Luego comienza a perder, tanto que esta nota muy pronto terminará.

Adapta a Tom Wolfe, abandonando momentáneamente el suspenso en The Bonfire of the Vanities (La hoguera de las vanidades, 1990) Fracaso de crítica. Los estereotipos descuellan en el film. Nadie ve nada de la urticante novela del periodista Wolf en su película. Tras este fracaso retorna al suspenso con Raising Cain (Demente, 1992); logra una buena actuación de John Lithgow y algunos sobresaltos.
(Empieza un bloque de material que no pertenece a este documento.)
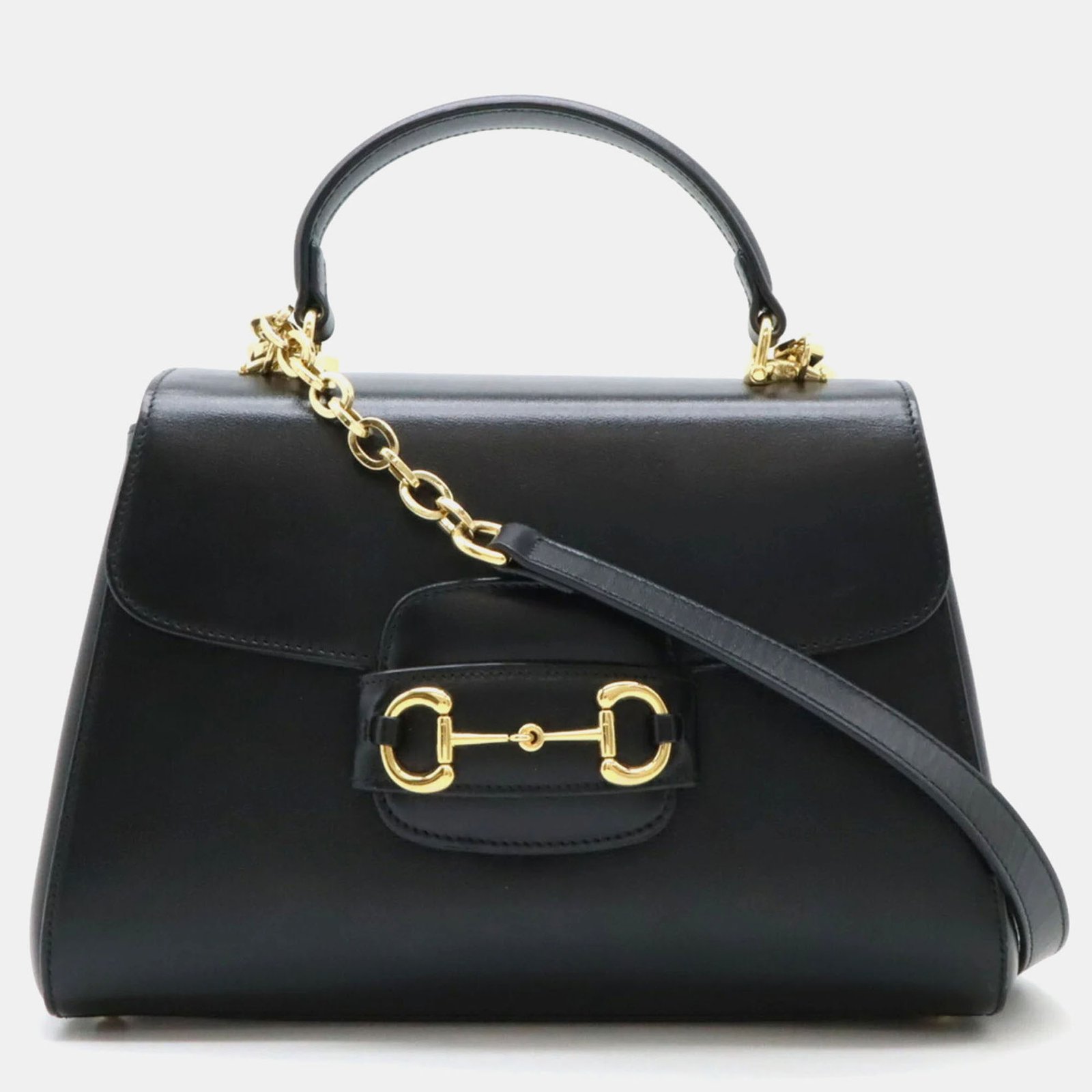 Gucci Black Leather Horsebit 1955 Medium Bag

Carlito´s way (Atrapado por el pasado, 1993) es conocida aquí como la película en la que Jorge Porcel aparece con Pacino (o era) La historia del mafioso vuelve a trasuntar los tópicos del género; esta vez remeda a Scarface con un tratamiento más depurado de los personajes y una fotografía impecable. La película introduce una variante a las escena-de-acción-en-escalera (acaso John Woo supo filmar en A better tomorrow II, impunemente traducida al castellano como Amenaza Final II, una de las mejores, con Chow-Yun Fat cayendo de la escalera y disparando en cámara lenta; antes de que Woo diera el salto a Estados Unidos y dirigiera a Tom Cruise y a unas cuantas palomas en Missión Impossible II)
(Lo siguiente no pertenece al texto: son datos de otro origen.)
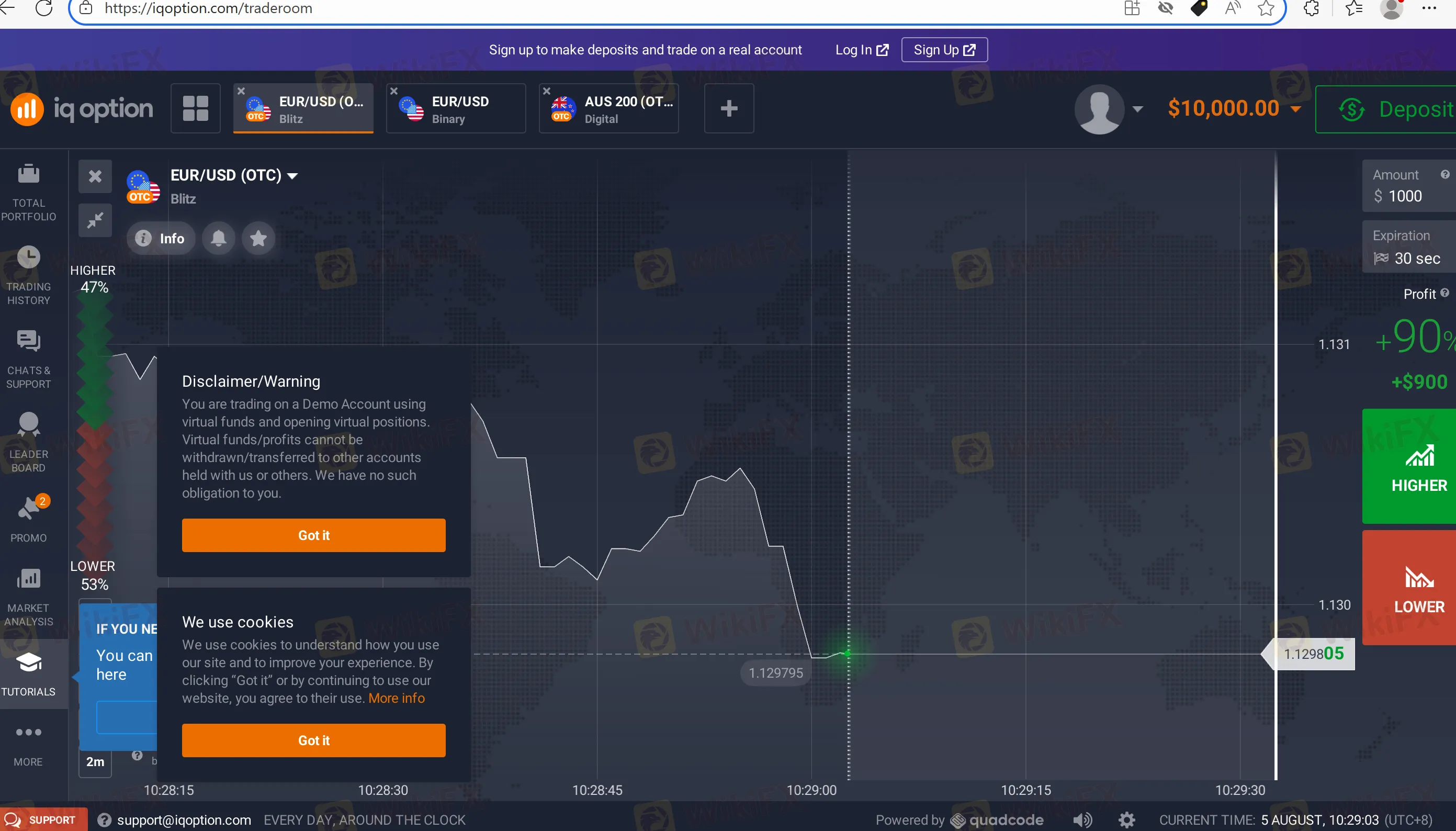 | Real Account | $10 | Up to 1:500 | Full access to trading assets and features |

En los noventa, la fórmula de los estudios es más rígida que en las inmediatas décadas anteriores, una película de acción y suspenso debe tener escenas exageradas que confirmen hasta el aburrimiento la clasificación; Missión Impossible (1996) es muy buena al principio y luego bastante torpe en su desarrollo. Ha sido superada por las otras películas de la franquicia; incluso por las de John Woo (si dejamos de lado la escena de la pecera que explota y esa confusión inicial de buenos y malos tan genial; el juego de muñecas rusas de casi todas las películas que bordean de manera tan excelsa el vértigo y la ética de la niñez)

Y me detengo con una película de De Palma que disfruté muchísimo en el cine Ocean allá por los noventa, antes de que parte de la población nos convirtiéramos en zombis y ese cine Ocean fuera reemplazado por un templo evangelista. Snake Eyes (Ojos de Serpiente, 1998) tiene un comienzo espectacular, un desarrollo mediocre y un final pésimo. Hay algunas escenas parecidas a las de Doble Cuerpo, y eso sigue siendo lo mejor, esa repetición de lo mejor que agrada tanto; entre zoom in y travellings el personaje de Nicholas Cage sigue en cámara subjetiva a una misteriosa rubia.

Una de las mejores cosas del libro del filósofo argentino Domin Choi, El fin de lo nuevo, con el que comparto algunos pensamientos, es que cita a Kierkegaard, uno de mis filósofos preferidos y dice con él, que una posible felicidad es la de la repetición, quizá la única. Esto es clave.

En Mission to Mars (Misión a Marte, 2000), De Palma se dedica a chorrearle algunos planos a Kubrick (2001, Space Odissey; una película que fue señalada por la buena crítica de cine Pauline Kael, como “de un cineasta amateur” en la época de su estreno) pero la trama de ciencia ficción es poco interesante.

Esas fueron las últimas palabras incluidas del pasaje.